After hearing enough speeches to satisfy Cicero, Mike Grambo led his fellow Roman citizens out of the gymnasium, past the Coliseum and down the Apian Way to the Atrium, formerly the Blaine high school library. He and his cohorts were headed for a dinner of roast hummingbird eggs and quail tongue (or reasonable facsimiles) last week at Toga XVII, the 17th incarnation of an all day gathering topped by the best in sybaritic banquets whipped up by the ever-present and often under foot slaves.
For the many soldiers, courtesans, seers and sages, senators, charioteers and others out of this cross section of Rome in the days when it was the only place that mattered, this was a day to remember, learning the way it should be, thanks to the hard work of a lot of people behind the scenes and Grambo’s creative hand.
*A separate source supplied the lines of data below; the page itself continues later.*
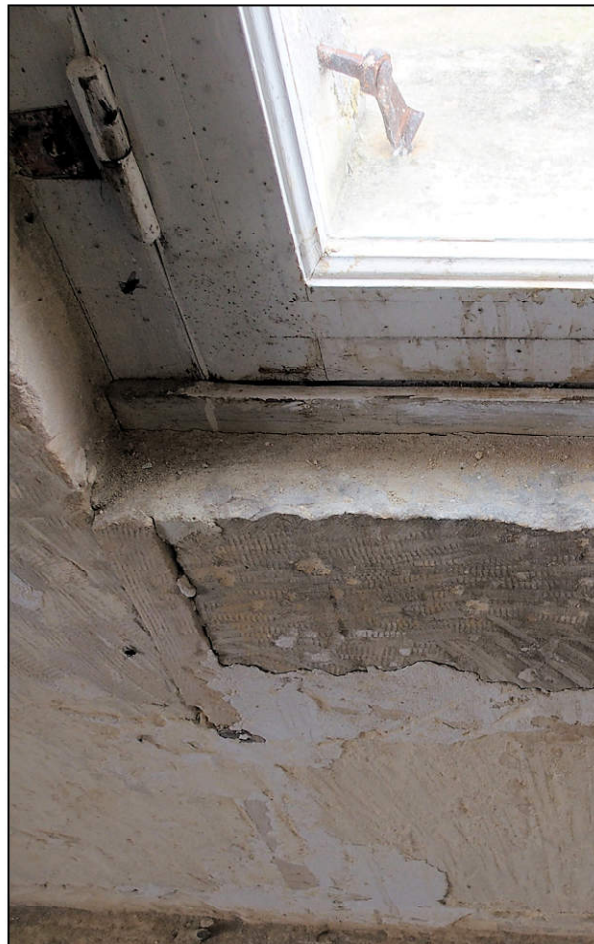
Fig. 3.5. Croisée du pavillon (2ème étage)
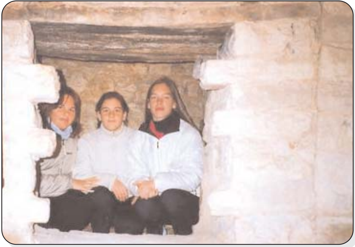
Είσοδος του κρυφού σχολείου

Το 1764 ο Άγιος Κοσμάς ο Αιτωλός, κάνοντας την πρώτη του περιοδεία, πέρασε από τη Ζίτσα και φιλοξενήθηκε στο μοναστήρι. Εκεί έμαθε για τη διακοπή της λειτουργίας του Σχολείου. Σύμφωνα με την παράδοση, επέπληξε γι' αυτό τον ηγούμενο.
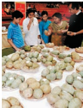
印度是芒果主要產地。資料圖片

歐盟於5月1日開始禁止從印度進口芒果等蔬果，持續至明年底。禁令不會對印度經濟構成太大影響，但印度與歐盟經貿關係密切，分析指事件會令雙方貿易爭議升溫，若不及早解決，可能影響歐印自由貿易協議談判。
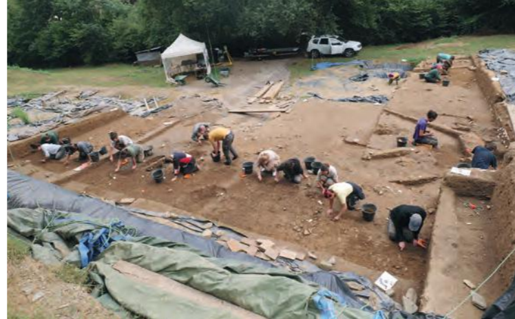
La fouille de l'atelier métallurgique du Planet durant la campagne 2024

Conservateur régional de l'archéologie (DRAC Occitanie)
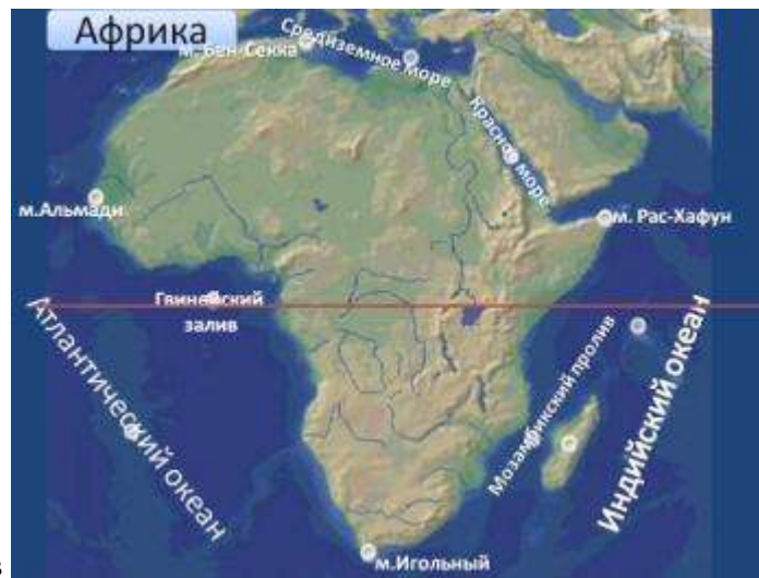
2) Гвинейский залив
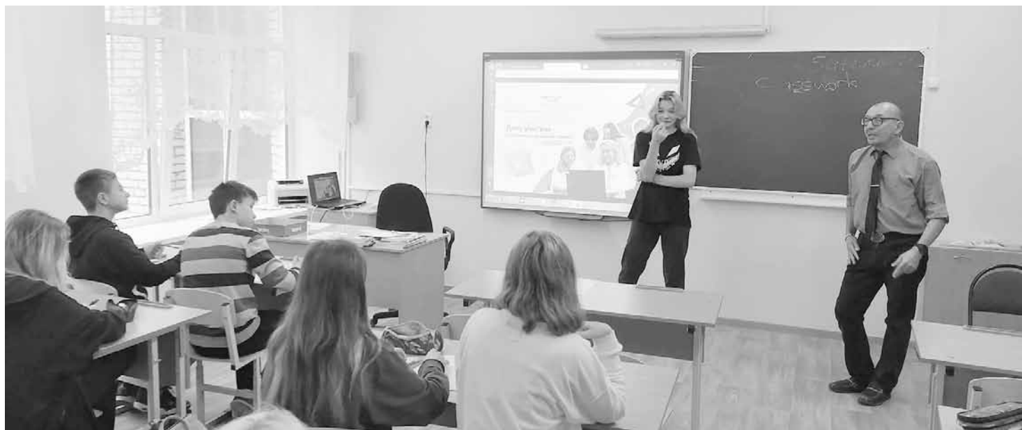
Во время ролевой игры на День учителя ребята поняли, как трудна профессия педагога

Светлана ПОТАПОВА, д. Пчева, Киришский район, Ленинградская область, фото автора
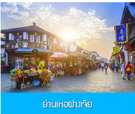
ย่านเหอฝางเจีย

อิสระอาหารมื้อกลางวัน ท่านสามารถเลือกชิม STREET FOOD ขึ้นชื่อมากมายในย่านเหอฝางเจีย
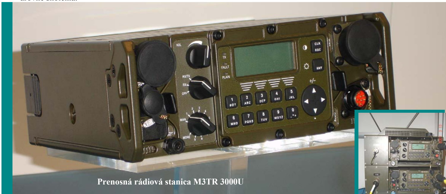
Prenosná rádiová stanica M3TR 3000U
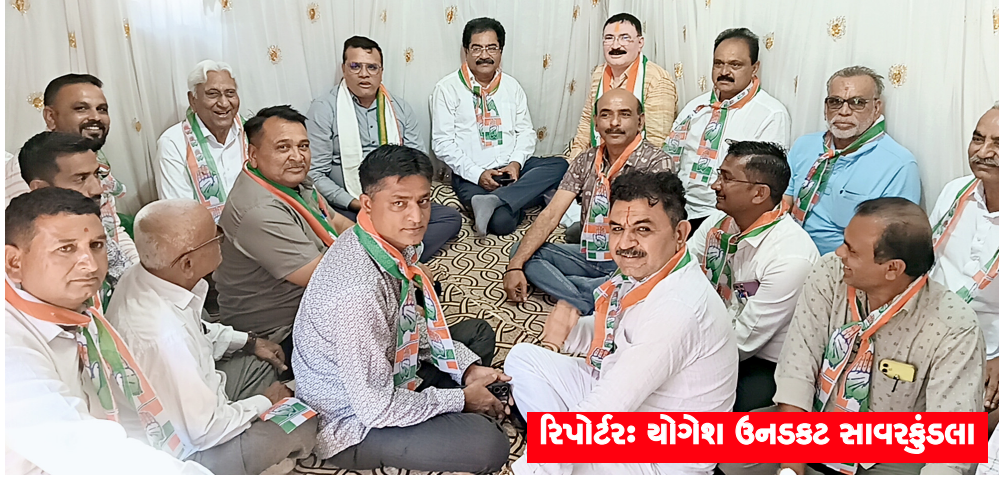
રિપોર્ટર: યોગેશ ઉનકડ સાવરકુંડલા

સાવરકુંડલા, તા. ૧૧: અમરેલી જિલ્લાની ચાર નગરપાલિકા સાથે અમરેલી, દામનગર અને સાવરકુંડલા નગરપાલિકાની પેટા ચૂંટણીમાં ચોજાઈ રહી છે ત્યારે સાવરકુંડલા નગરપાલિકા ના વોર્ડ નંબર ૩ ની પેટા ચૂંટણીમાં કોંગ્રેસ દ્વારા કાર્યાલયનું ઉદઘાટન પૂર્વ મંત્રી ધીરુભાઈ દૂધવાળા અને અમરેલી જિલ્લા કોંગ્રેસના પ્રમુખ પ્રતાપ દુધાત દ્વારા કરવામાં આવેલ હતું સાવરકુંડલાના વોર્ડ નંબર ૩ના મત વિસ્તારમાં કોંગ્રેસ ઉમેદવાર રમેશ
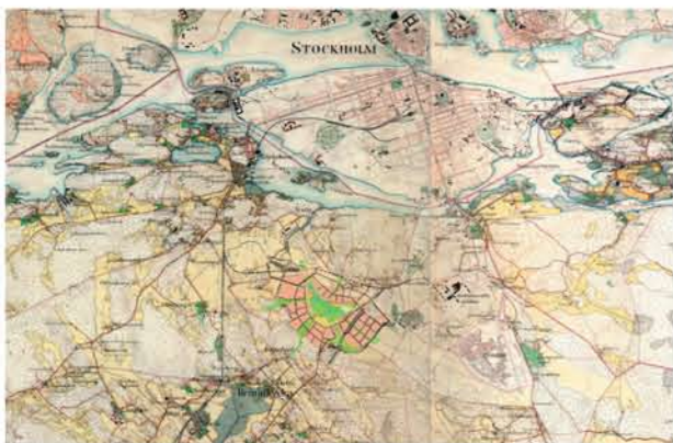
Häradsökonomiska kartan från 1900-talets första år med den nu tilltänkta bebyggelsen och parken inlagd.
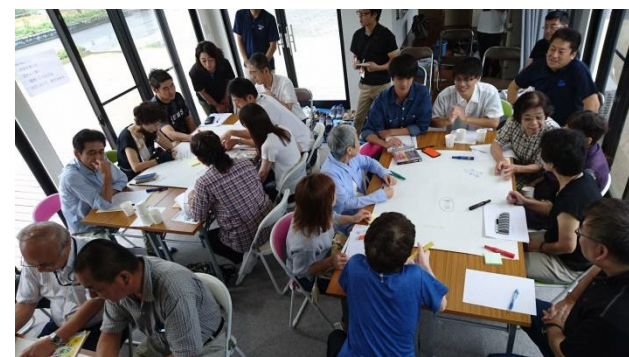
【万田中央地区の参加状況】

【万田中央地区】 日時：8月24日（土） 10時～ 場所：万田中央地区ふれあいハウス 参加者数：21名
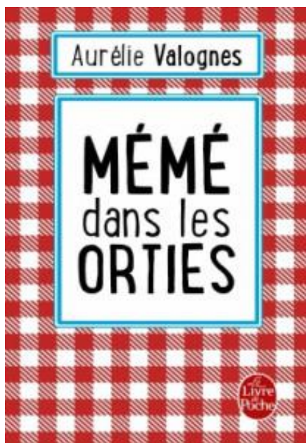
Illustration 1: Couverture Mémé dans les orties , Aurélie Valognes

Le choix de l'expression « Mémé dans les orties » pour le titre suscite en effet le rire chez le lecteur pouvant penser que l'histoire de ce roman, par l'emploi du nom « mémé », va se focaliser sur une dame âgée qui rencontrera peut-être des situations difficiles et devra s'en
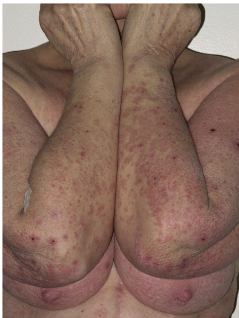
Figura 4 Placas eritematovioláceas excoriadas en paciente mujer con toxicodermia por telaprevir.

historia previa de toxicodermias por tratamientos anti-VHC en aquellos pacientes previamente tratados. Es así como se desprende que de la visita basal 25 pacientes (58% del total) habían sido tratados previamente con IFN y ribavirina, y que 6 de estos pacientes (24% de los previamente tratados) habían presentado una reacción cutánea previa, en todos los casos leve.
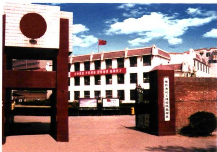
焦作市化工技校凤凰校区校门
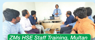
ZMs HSE Staff Training, Multan
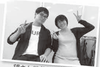
望さん♡美帆さんご夫妻

良いご縁をいただき、秩父で一緒に暮らすこととなりました。良い機会をありがとうございました。
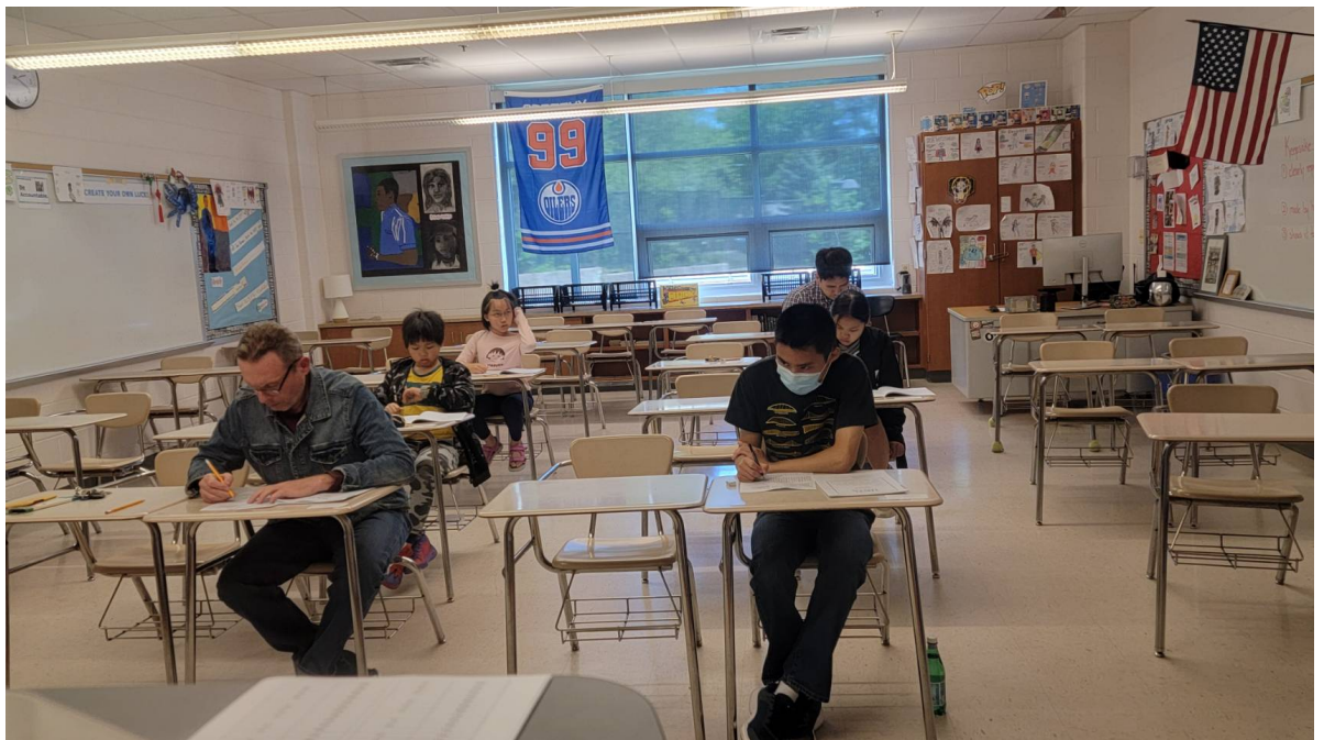
華府台灣學校 華語文才藝競賽回顧1

同一時段，TCML 成人班與部分的學生在華府台灣學校參與了華語文能力測驗（TOCFL）及兒童華語文能力測驗（CCCC），在華府台灣學校與WMACS工作團隊的精心規劃下，測驗順利完成。這場才藝表演與測驗不僅讓學生展現學習成果，更促進了對華語與臺灣文化的深度認識，為這學年畫上精彩的句點！
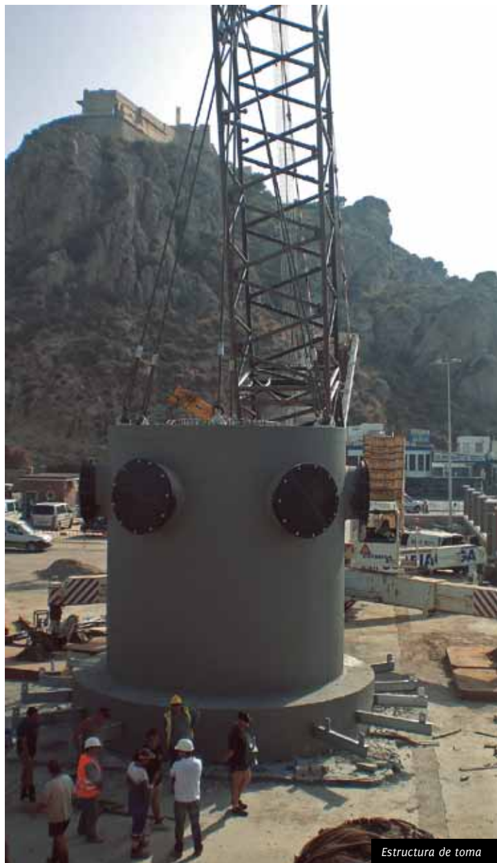
Estructura de toma

Solo empresas altamente especializadas pueden dar este servicio.
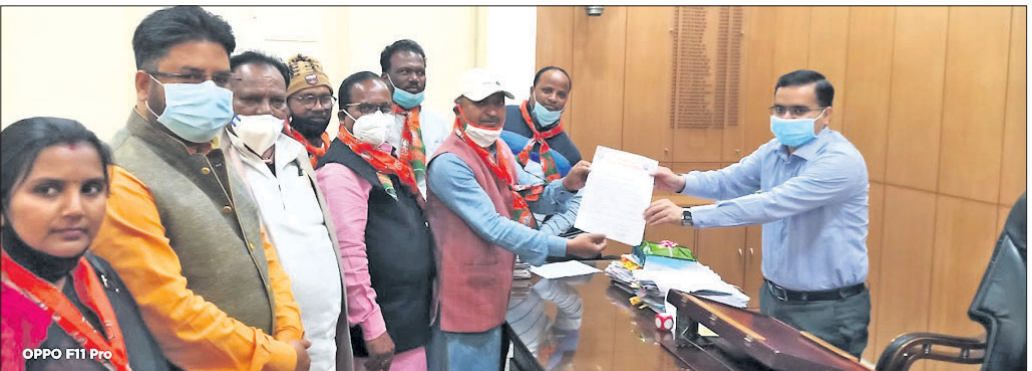
ଓଡ଼ିସି ମୋର୍ଚ୍ଚା ପକ୍ଷରୁ ରାଜ୍ୟପାଳଙ୍କ ଉଦ୍ଦେଶ୍ୟରେ ଜିଲ୍ଲାପାଳଙ୍କୁ ଦାବିପତ୍ର ଦିଆଯାଇଛି।

The first roman banquets Grambo put on were done during the sophomore World History classes he still teaches. Now they involve all 150 sophomores in a day long blitz of presentations put on by the students organized into groups of up to six. Everyone’s welcomed into the Roman holiday spirit, from superintendent of schools Dr. Mary Lynne Derrington, to over 75 parents dragooned like vassals of a conquered state into cooking the food, to the juniors and seniors who are turned loose like ravenous seagulls on the rest of the banquet once the royalty (the sophomores, of course) have eaten their fill at least once. The slaves are left behind to swab the decks as the bluebloods adjourn to the Senate for the last of the day’s festivities, what in ancient Rome would have been a very futuristic experience – a movie about the Roman Empire.
Grambo said he’s made over 20 togas himself to encourage faculty participation. It’s the feedback, he said, that he gets from people years after their toga party that keeps him going. “They remember this kind of thing for a lifetime,” he said, having developed a learning experience that’s also a lot of fun.